While the stakeholder effort was
focused on planning, identifying practical ways to advance more sustainable
organic material management was the objective.

“Our Sustainable Jersey programs now
actively engage 460 New Jersey municipalities, 1,025 schools and 374 school
districts,” said Randy Solomon, executive director. “We currently offer
practical actions for towns and schools to take to reduce and recycle food
waste. The Organics Workgroup effort will undoubtedly result in additional
actions developed to promote even more sustainable management practices which
can dramatically advance our GHG emission reduction and environmental goals.

Montecalvo summed up the Workgroup
effort and future direction: “While we hope you find our work to be
informative, it has clearly just begun! Framing a plan of action is a critical
first step, but the rubber hits the road through action and implementation.

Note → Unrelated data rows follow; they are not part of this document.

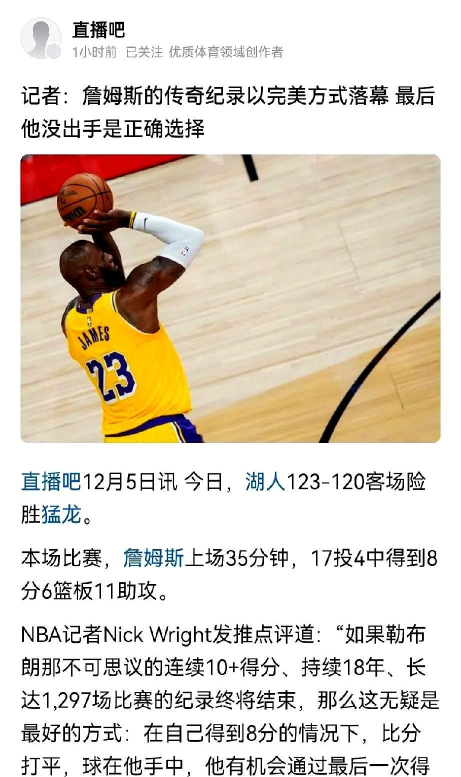 最后两秒,他没选分数。 他把球传给了空位的队友。 1297场的连双,就这样停在了8分外。 39岁的人,能顶住诱惑的不多。 哈姆赛后说,是詹姆斯自己在暂停里喊的——包夹就传人。 这赛季第9次最后30秒致胜助攻,联盟第一。 雷吉说这才是真GOAT时刻。 官方都发了那帧,配文“伟大的定义”。 视频破1800万次播放。 有人把这看作纪录的断裂。 我看这是优先级的升级。 像大排档里老兄把最后一块肉推给后辈,自己少吃一口,却换来一桌人的脸上笑。 湖人稳住第九,和第八只差1.5场,胜利传染力比数据更值钱。 真正的厉害,不是你能坚持多少纪录, 而是在关键时刻,知道该把荣耀分给谁。
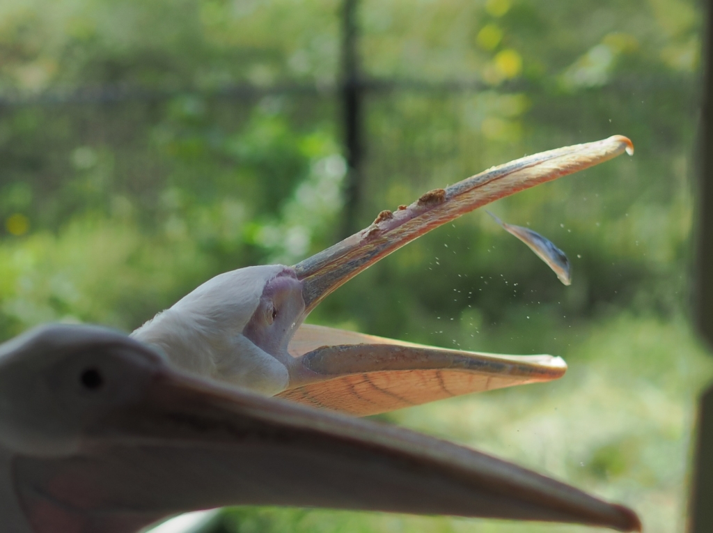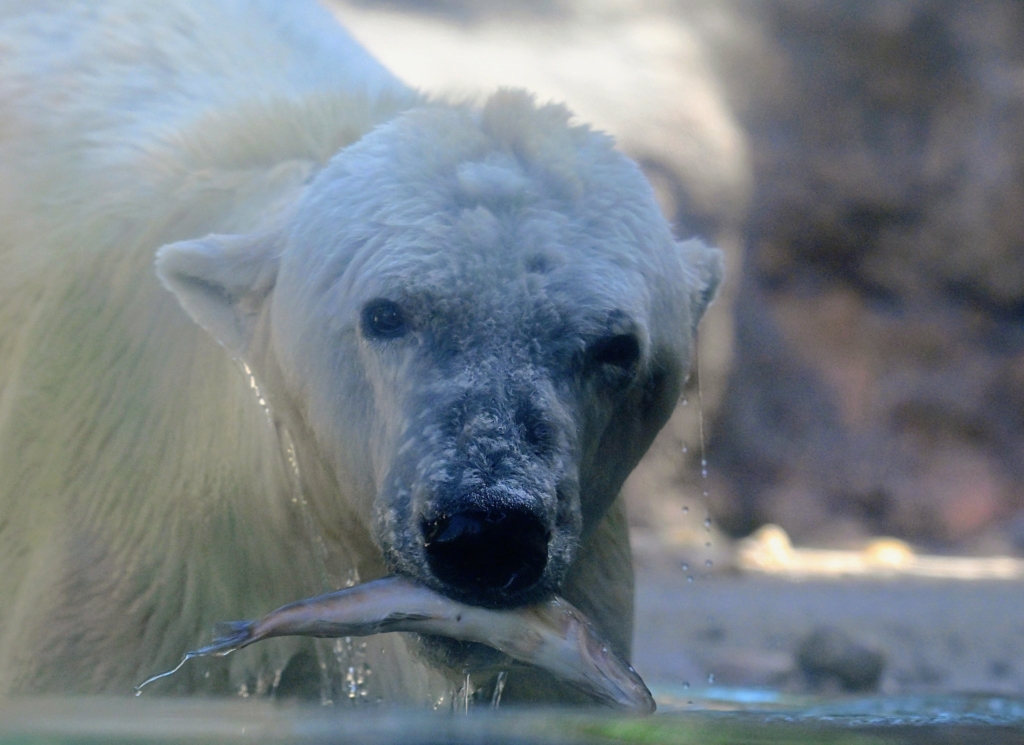 もぐもぐタイム時にクッキーは大きな魚(ホッケ)をゲットしたら水から上がって外で食べます
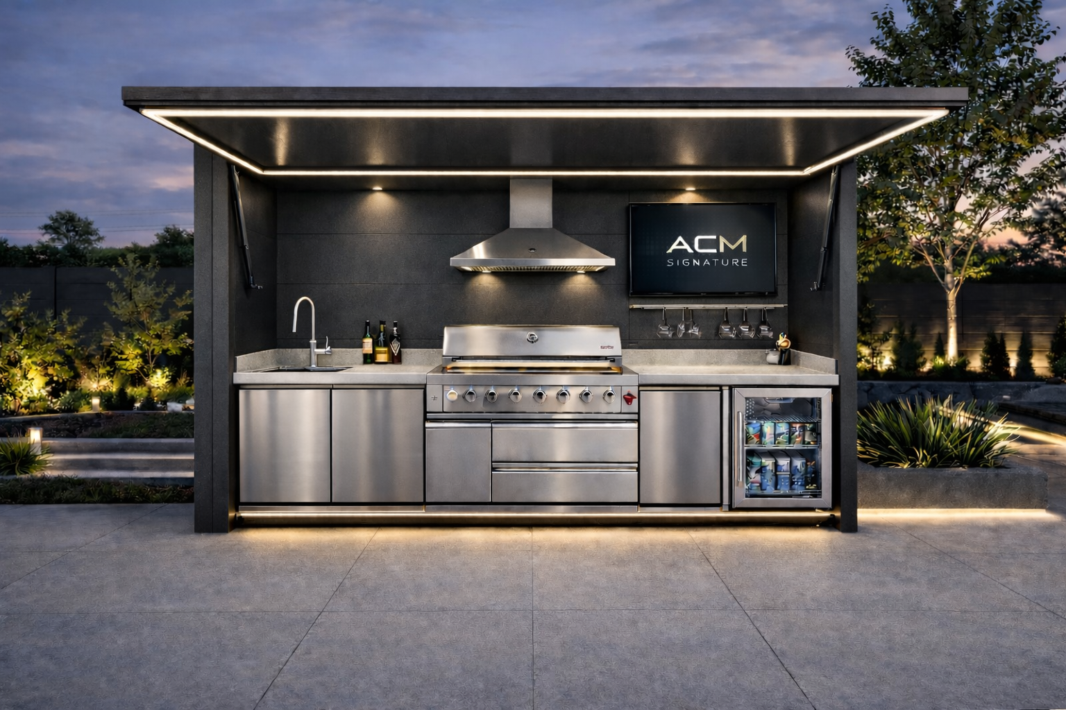 Constructions sur mesure & cuisines extérieures portablesChez ACM Signature, nous ne faisons pas que du revêtement — nous créons des espaces de vie extérieurs uniques.Nosconstructions sur mesure et cuisines extérieures portables sont conçues à partir de panneaux composites en aluminium, offrant un design moderne, une durabilité supérieure et une grande flexibilité d’utilisation. Que ce soit pour une cour arrière, un chalet ou un projet commercial, nos cuisines extérieures allient esthétique et fonctionnalité.Entièrement personnalisables, elles peuvent intégrer : • Plans de travail sur mesure • Éviers et points d’eau • Rangements intégrés • Espaces pour BBQ et électroménagers • Structures modulaires et transportablesLeur conception légère et robuste permet de les déplacer facilement tout en conservant une solidité digne d’une installation permanente.⸻Panneaux pour clôtures, foyers et aménagements extérieursLes panneaux composites en aluminium d’ACM Signature ne se limitent pas aux façades et aux cuisines — ils transforment également vos espaces extérieurs.Nos panneaux peuvent être utilisés pour : • Clôtures modernes et durables • Habillage de foyers extérieurs • Écrans d’intimité et séparateurs de terrasse • Murs décoratifs et éléments architecturauxRésistants aux intempéries, faciles d’entretien et entièrement personnalisables, ils permettent de créer des aménagements extérieurs à la fois esthétiques et fonctionnels. Chaque projet peut être adapté selon le style souhaité : minimaliste, industriel, contemporain ou chaleureux.
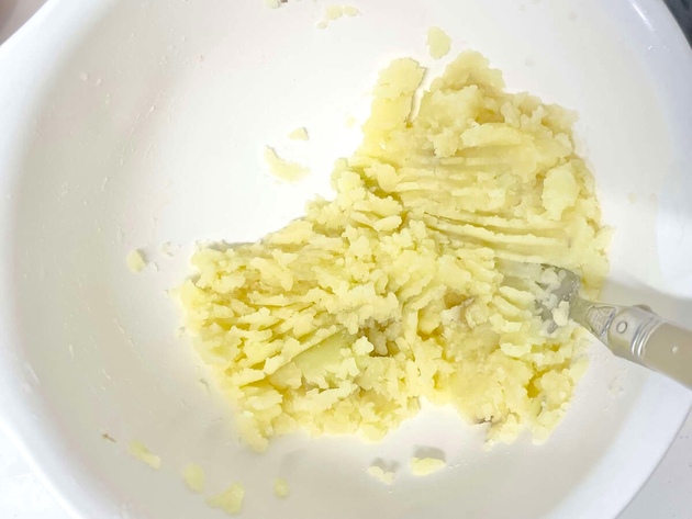 フォークを刺してスッと入るくらい柔らかくなったら、皮をむいてフォークで粗くつぶします。

It
is now time to collectively roll up our sleeves and get to the real work of
effecting positive change.”

The Sustainable Organic Material Management Plan can be found
here: Organics Workgroup SOMMP

The New Jersey Climate Change Alliance is a network of diverse organizations that share the goal of advancing science-informed climate change strategies at the state and local levels in New Jersey, with regard to adapting to changing climate conditions and addressing the emissions that cause climate change. Alliance participants include representatives of public, private, and non-governmental New Jersey organizations from sectors including transportation, emergency management, business, energy, engineering, farming, insurance, environment, health, community planning, Environmental Justice, natural resource management, and others. The Alliance does not work to influence political outcomes or specific pieces of legislation; rather, the work of the Alliance serves to integrate science with evidence and diverse points of view through the voices of Alliance participants for the purpose of informing short and long-term climate change strategies and outlining policy options for New Jersey.